Type: Bug Priority: Major - P3
Reporter: Xiangyu Yao (Inactive) Assignee: Judah Schvimer
Resolution: Fixed Votes: 0
Labels: prepare_basic
Remaining Estimate: Not Specified
Time Spent: Not Specified
Original Estimate: Not Specified

Issue Links:
Depends
Duplicate
is duplicated by SERVER-35430 Abort a transaction if prepare fails Closed
Gantt Dependency
has to be done before SERVER-36023 Try to enable replica set transaction... Closed
Related
is related to SERVER-35821 readConcern:snapshot transactions nee... Closed
is related to SERVER-38499 Preparing transaction fails and trigg... Closed
Backwards Compatibility: Fully Compatible
Operating System: ALL
Steps To Reproduce:

commit: 8c5002b06fd737f75941a73785ce75e3ca7f5ce1
1. Put a 5 second sleep between (1) and (2) to increase the chance that another transaction starts in between.

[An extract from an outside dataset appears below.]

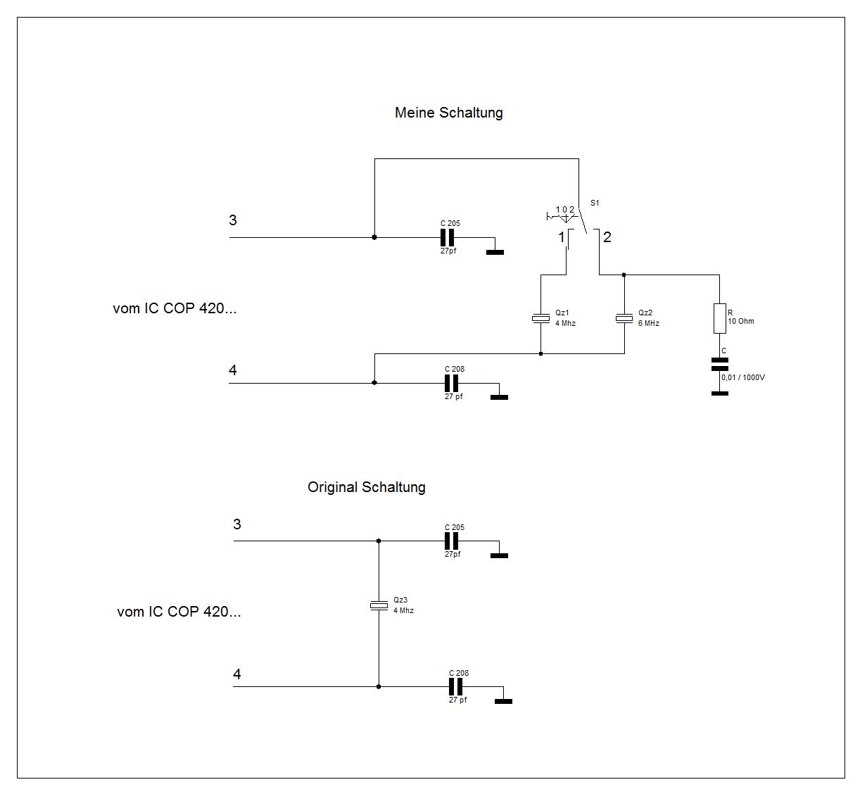 In der Fernbedienung ist jetzt der Originale 360 khz, und ein 440 kHz Quarz drin, zwischen diesen beiden Schalte ich um. Ich hatte ja am Anfang in der Fernbedienung die 440 kHz eingebaut, komme aber mit der Spule zur keiner Synchronisation, sprich die Anlage reagiert da nicht. Ich habe mir auch schon überlegt, ein 2,09 MHz Quarz zu besorgen und die dazugehörigen 56 pf Kondensatoren, so wie es im Datenblatt des COP 420 beschrieben ist. Jetzt kommt das Problem: Was für ein Quarz kommt dann in die Fernbedienung? Ich verstehe den Zusammenhang nicht: 360 kHz in der Fernbedienung, und 4 MHz im Gerät. Wie passt das zusammen? Nach meinem Verständnis, müssten doch beide Quarze dieselben sein. Halbe Frequenz im Gerät, gleich halber Quarz in der Fernbedienung? 180 kHz?.

      opObserver->onTransactionPrepare(opCtx);                                    
      lk.lock();                                                                  
      _checkIsActiveTransaction(lk, *opCtx->getTxnNumber(), true);                
      invariant(_txnState == MultiDocumentTransactionState::kPrepared);           
+     sleep(5);                                                                   
                                                                                  
      opCtx->getWriteUnitOfWork()->prepare(); 
 

2. repro.js:

const session = db.getMongo().startSession({causalConsistency: false});            
const sessionDB = session.getDatabase('test');                                     
sessionDB.a.insert({x: 1});                                                        
session.startTransaction({readConcern: {level: "snapshot"}});                      
assert.commandWorked(sessionDB.runCommand({                                        
    update: 'a',                                                                   
    updates: [{q: {x: 1}, u: {$inc: {x: 1}}}],                                     
}));                                                                               
                                                                                   
let awaitShell = startParallelShell(function() {                                   
    const session = db.getMongo().startSession({causalConsistency: false});        
    const sessionDB = session.getDatabase('test');                                 
    while (1) {                                                                    
        session.startTransaction({readConcern: {level: "snapshot"}});              
        sessionDB.a.find().toArray();                                              
        session.abortTransaction();                                                
    }                                                                              
});                                                                                
                                                                                   
assert.commandWorked(sessionDB.adminCommand({prepareTransaction: 1}));             
session.abortTransaction();                                                        
                                                                                   
awaitShell(); 

Sprint: Repl 2018-07-16, Repl 2018-07-30, Repl 2018-08-13
Participants:
Linked BF Score: 70

 Description   

Our current prepareTransaction() logic might need some changes: currently, (1) we first log the prepare and get a timestamp T. And then (2) use this timestamp T to set the prepare timestamp in WiredTiger. Since (1) pushes the lastApplied timestamp to T and another transaction could start between (1) and (2), with lastApplied T as the read timestamp, it breaks the rule that prepare timestamp should be greater than any active read timestamp.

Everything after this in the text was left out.